0

Update: I finally figured out how to do the plotting. The code below works for me:

mydf %>%
  dplyr::filter(NAME =="" & GENDER =="") %>%
  ggplot(aes(YEAR, RANK)) +
  geom_point()

Now I am working on converting it into a function that will take name and gender as arguments. The function is case sensitive and should still display a plot if the gender argument is missing. Here is my progress so far with the function. It is displaying a plot with two arguments, but if I remove the gender argument, it displays a blank plot. Do I need to apply the grep or grepl inside my function? Thanks everyone!

 name.plot <- function(name="", gender="", ignore.case=TRUE){ 
  mydf %>% 
  dplyr::filter(NAME == name & GENDER == gender) %>% 
  ggplot(aes(YEAR, RANK)) + 
  geom_point()  
}

I am working on my homework and need some help. We were given a dataset of babynames and supposed to write a function that will take a name and a gender and returns a plot of rank against year.

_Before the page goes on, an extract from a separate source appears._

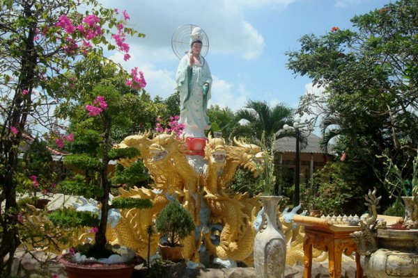 Trong khuôn viên, phía trước chùa có tượng Phật Bà Quan Âm đứng uy nghi trên đài sen, tay cầm bình nước cam lồ tưới nhuần ơn phước cho chúng sinh. Bên trái chùa là tượng Phật Thích Ca tĩnh tọa dưới sự che chở của chín con rồng, đằng sau là cội bồ đề râm mát. Bên phải chùa là tượng Phật Di Lặc với nụ cười viên mãn cho một thời kỳ mai sau con người sống hết sức an lạc…

Currently, I'm figuring out how to display the plot first. I figured out how to display a name, but when I tried to add gender, it's just giving me a blank plot. Can someone please help me what I am doing wrong? I tried both group by and which functions, but no luck.

p1 <- mydf %>%
  filter(NAME =="Madison", GENDER =="girl") %>%
  ggplot(aes(YEAR, RANK)) +
  geom_point()
p1

Here is my sample dataset:

Babynames 1880-2008

oguz ismail
  • 1
  • 16
  • 47
  • 69
Pinaypy
  • 37
  • 1
  • 8
  • I guess you would fare better to separate your data in a more programmatic way. Meaning use facets and aesthetics for grouping. E.g, use `+ geom_point(data = mydf, aes(YEAR, RANK, color = NAME)) + facet_grid(˜GENDER)` (apologies for the weird tilda sign - using a weird keyboard atm) – tjebo Mar 23 '20 at 17:17
  • Not sure how it works. Right now, I'm just figuring out to display a plot and later on I will have to create a function that will take name and gender as arguments and display a plot. – Pinaypy Mar 23 '20 at 17:28
  • Have you tried my code? Replace the weird tilda with a normal tilda sign, and add it to your p – tjebo Mar 23 '20 at 17:33
  • `@Tjebo`, I did and still not working :( – Pinaypy Mar 23 '20 at 17:48
  • There seems to be something peculiar going on with your data .... John, WIlliam and James first ranked for girl names in 1880 ? – tjebo Mar 23 '20 at 17:52
  • `@Tjebo` thanks for pointing it out, will have to figure out why it does it when I read the CSV file. I added a sample dataset from the actual CSV file. – Pinaypy Mar 23 '20 at 17:58
  • Please read this thread here how to make data and better questions https://stackoverflow.com/questions/5963269/how-to-make-a-great-r-reproducible-example – tjebo Mar 23 '20 at 18:02
  • I think I finally figured out how to plot, but how do I put it into a function that will take the name and gender as arguments? – Pinaypy Mar 23 '20 at 18:20
  • You are using the `filter` function improperly. You need to include a logical test (& or |) between your two filter statements like: `df %>% filter( NAME =="John" & GENDER =="boy")` – Dave2e Mar 23 '20 at 18:40
  • `@Dave2e`, Thank you, but I finally figured out that part. Now I'm stuck on how to put into a function that will take name and gender as arguments. If there are no matches, the function should still display an empty plot. – Pinaypy Mar 23 '20 at 19:19

1 Answers1

3

There are a few ways to do this. I should point out that often the filter() function you want to call, dplyr::filter(), is often conflicting with the stats::filter() function. I usually explicitly call using dplyr::filter() for that reason (rather than using filter() alone).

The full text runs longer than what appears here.